The case for Toru Hashimoto
Every so often in politics, the proverbial pot is stirred. Japan’s last ladle came in the form of Junichiro Koizumi. Fast forward six years, and Osaka Mayor Toru Hashimoto is shaping up to be the next.
Young, charismatic and belligerent, Hashimoto is the antithesis of a typical Japanese politician in both personality and policy. The 43-year-old maverick has proposed sweeping change in the municipal public sector, including the implementation of performance-based benchmarks on grade and secondary school faculty; the privatization of the Osaka Municipal Subway; spending cuts to the fine arts; and a near 50% reduction of the municipal government workforce. On the national front, Hashimoto has called for abolition of nuclear power; the elimination of the Diet’s upper house; and strongly supports upping national defense. Substantial views, from a politician with no real political experience on the federal stage.
Substance, however, is what the public seems to want from a national government that - in recent recollection - has had anything but. Movement on Japan’s entry into the Trans-Pacific Partnership free trade agreements has been slow, if not wholly nonexistent. The only result yielded by Japan’s continued spat with China over the Senkaku islands has been damaged economic relations. It does not come as any surprise to those even vaguely familiar with East Asian politics how poorly the Japanese government currently sits in the view of its people.
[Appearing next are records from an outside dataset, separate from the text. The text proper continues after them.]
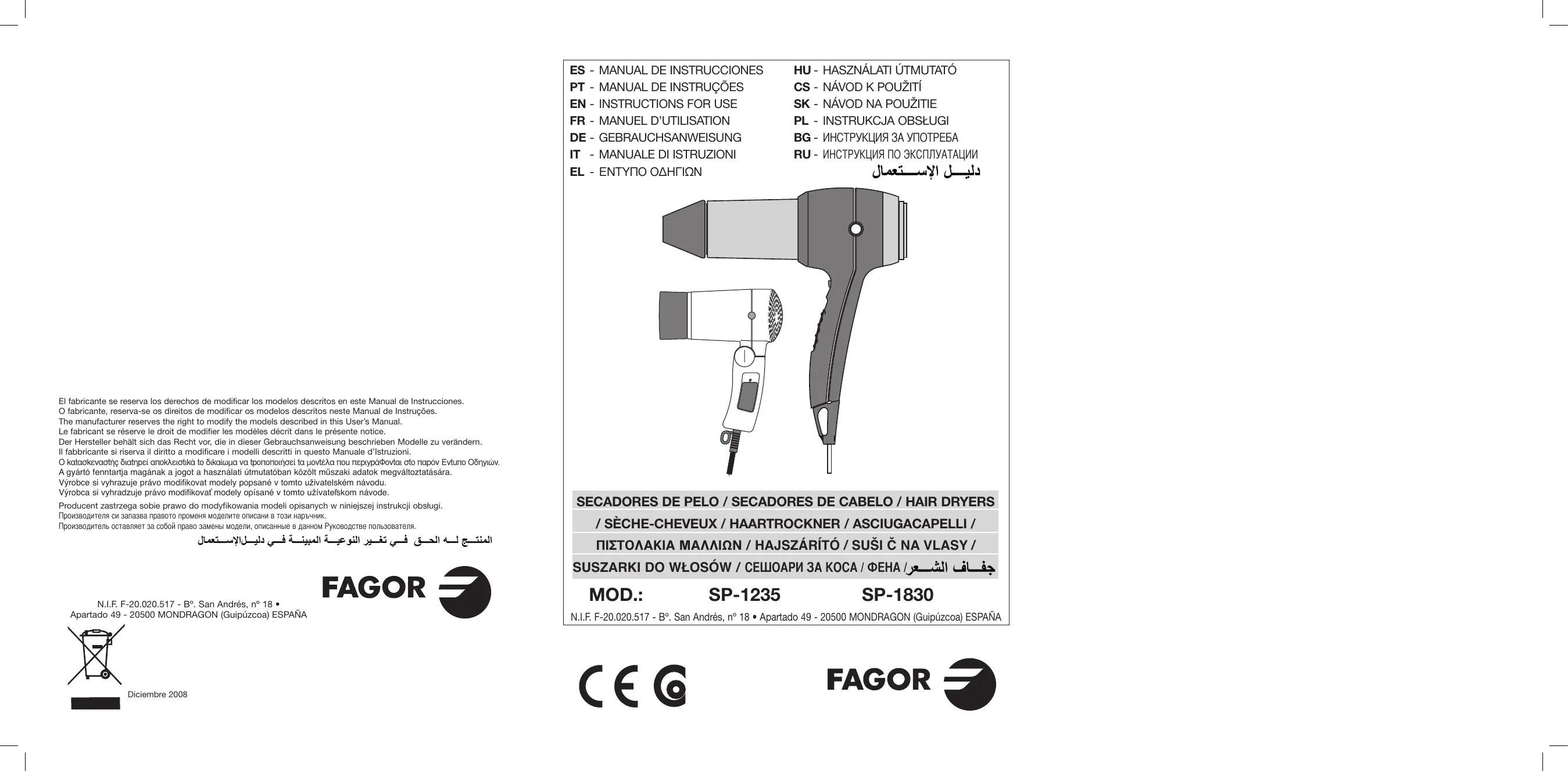 SP-1235 - Sèche cheveux FAGOR - Notice d'utilisation et mode d'emploi gratuit
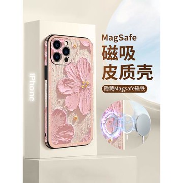 磁吸油畫花朵蘋果15promax手機殼高端iphone16pro皮紋13MAGSAFE女款12全包防摔14plus磨砂pro個性12側邊圖案
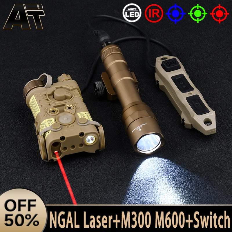 WDASN NGAL táctico rojo azul verde IR láser M300 M600 WhiteLight linterna con interruptor de Control Dual caza Airsoft lámpara de arma
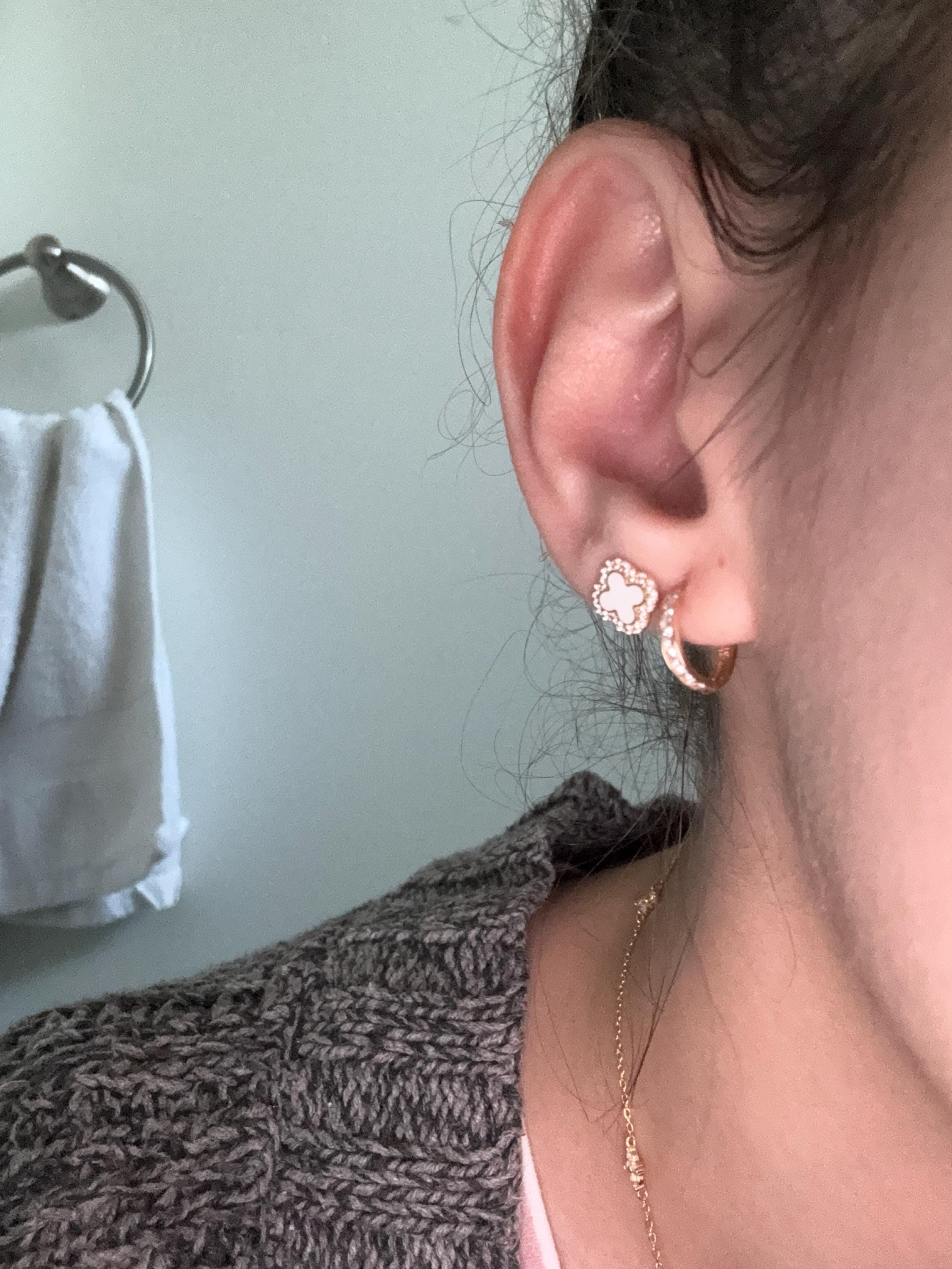 The earrings looked beautiful right out of the package and had a great first impression. However, when I went to put them on, I noticed they bend very easily. Because of this, they don’t clasp securely, which could cause them to fall out. While they’re definitely pretty, the quality isn’t the best, so I’d recommend purchasing with caution.

It is easy to see the sway Hashimoto holds in light of the above; more than ever, change is needed in a country that, for all its hustle and bustle, seems to be at a standstill. In the eyes of many, his brand of politics is certainly preferential to that of the old guard. Change is needed, and Hashimoto has promised to deliver change.
How effective Hashimoto will be in delivering this change, however, is an entirely different matter. Pointing the metaphoric gun and shooting everything on site may not bode well in a system that has largely been run by mutual backscratching. Farmers and rural dwellers, who hold a disproportionate amount of power in Japanese government, are staunchly opposed to his plan of joining the TPP.
While popular in Osaka, recognition of the political firebrand dips as one ventures farther from Kansai region. The internal power struggle between him and ex-Tokyo Gov Shintaro Ishihara following the merger of his party with Ishihara’s certainly lends no favor to his cause. Although surmountable, the challenges facing Hashimoto in his quest to the top are not insignificant.
Nonetheless, Hashimoto’s existence in the oft-opaque world of Japanese politics will spark inevitable change. Whether that change is for the better or worse is a matter that can only be told through the passage of time.